Engineering Contradictions & Design Principles
Engineering Contradiction Analysis
1Adaptability or versatility
If automated object detection is used to identify regions of interest without template matching, then the system can handle non-standardized document formats, but the precision of region boundary identification decreases
Solution Approach 1:
The system dynamically adjusts the region of interest boundaries by generating multiple candidate regions with different dimensions and positions. Instead of using fixed template-based regions, the object detection model generates variable regions that adapt to each document's unique layout, resolving the contradiction between handling non-standardized formats and maintaining precise boundary identification.
Solution Approach 2:
The system changes the parameters of region boundaries by generating multiple candidate regions with varying dimensions, positions, and aspect ratios.
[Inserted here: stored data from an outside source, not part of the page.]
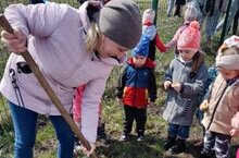 Яшелләндерү эше.\\Озеленение территории. 05.05.2023 Балалар бакчасы территориясен яшелләндерү эше дәвам итә.\\Продолжается работа по озеленению территории детского сада.
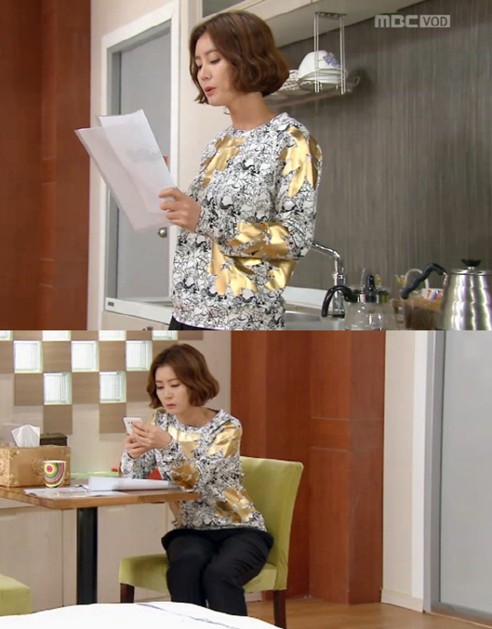 MBC 드라마 '여왕의 꽃'의 김성령은 극 중에서 화려한 패션을 주로 선보이는데요, 11회에 등장한 티셔츠 역시 남다릅니다. 화이트 컬러의 바탕에 블랙 컬러의 플라워 패턴이 티셔츠 전체를 뒤덮고 있어요. 군데군데에 돋보이는 더 큰 골드컬러의 플라워 패턴으로 블링블링한 느낌을 가득 전해요. 그녀는 같이 블랙 컬러의 기본 팬츠와 매치하여 티셔츠가 더욱 돋보이게 했네요. 에센셜의 제품. 가격은 28만원대입니다. <스포츠조선 연예패션팀>
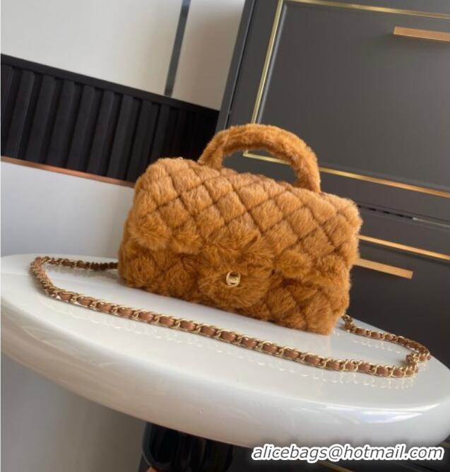 Promotional Chanel Rabbit Fur Mini Classic Handbag With Top Handle AS2431 Brown 2025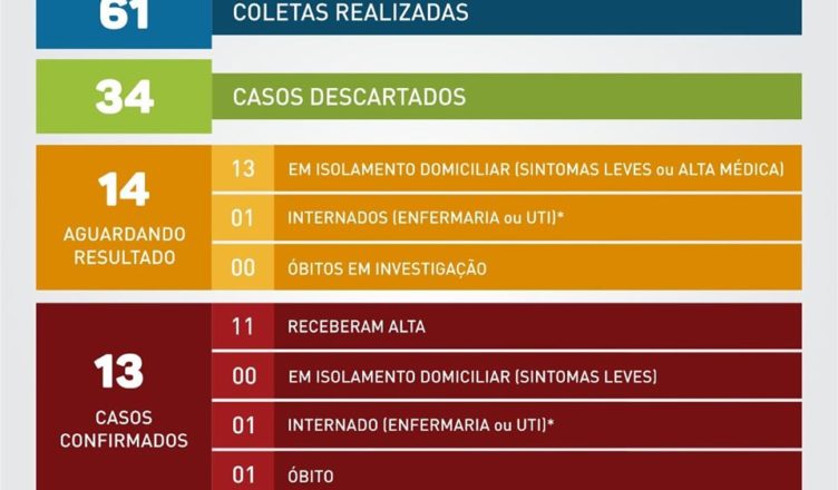 Um laboratório particular reportou que realizou um teste rápido em um homem de 54 anos, com resultado POSITIVO. Apesar do número de casos ter sido elevado a 13 casos positivos, felizmente 11 deles estão curados!

This allows the system to adapt to different document formats while maintaining accurate identification of alterable parameters through subsequent verification steps.
2Measurement precision
If the region of interest is tightly bounded to only include the alterable parameter, then the detection precision for that parameter improves, but background information that could provide fraud detection cues is excluded
Solution Approach 1:
The system segments the document into multiple regions: a primary region of interest containing the alterable parameter and surrounding context, and additional candidate regions that may contain relevant background information. This segmentation allows the system to focus detection efforts on the primary region while preserving access to background cues in candidate regions for comprehensive fraud analysis.
Solution Approach 2:
The system implements a nested region structure where multiple candidate regions are generated at different scales and positions. The primary region of interest is nested within a larger context region, which itself is nested within the full document. This nested structure allows simultaneous access to both precise parameter boundaries and broader background information for fraud detection.
3Reliability
If multiple candidate regions are generated and evaluated, then the fraud detection accuracy improves, but the computational processing time increases
Solution Approach 1:
The system generates multiple candidate regions but does not evaluate all of them with equal computational resources. Instead, it performs a primary evaluation on the most likely region and only conducts additional verification on candidate regions that show potential anomalies or have high relevance scores, reducing unnecessary computational overhead while maintaining high detection accuracy.
Solution Approach 2:
The system performs preliminary filtering and scoring of candidate regions before conducting full fraud detection analysis. By pre-evaluating regions based on basic features and confidence scores, the system identifies and prioritizes the most promising candidates for detailed analysis, thereby reducing overall processing time while maintaining high accuracy.
Data Source
AI summary
Systems and methods of electronic altered document detection. The system may conduct operations of a method to: retrieve image data representing an alterable document and determine a target region of interest representing a boundary of an alterable parameter associated with the alterable document. The system may conduct operations to generate a tuned region of interest by calibrating the target region of interest based on an object detection model. The tuned region of interest may include a re-dimensioned boundary of the alterable parameter of interest. The object detection model may be prior-trained based on non-standardized alterable documents. The system may conduct operations to generate, based on the tuned region of interest, a prediction value representing whether the alterable document was subject to unauthorized alteration and transmit a signal representing the prediction value for identifying alterable documents for downstream document deconstruction operations.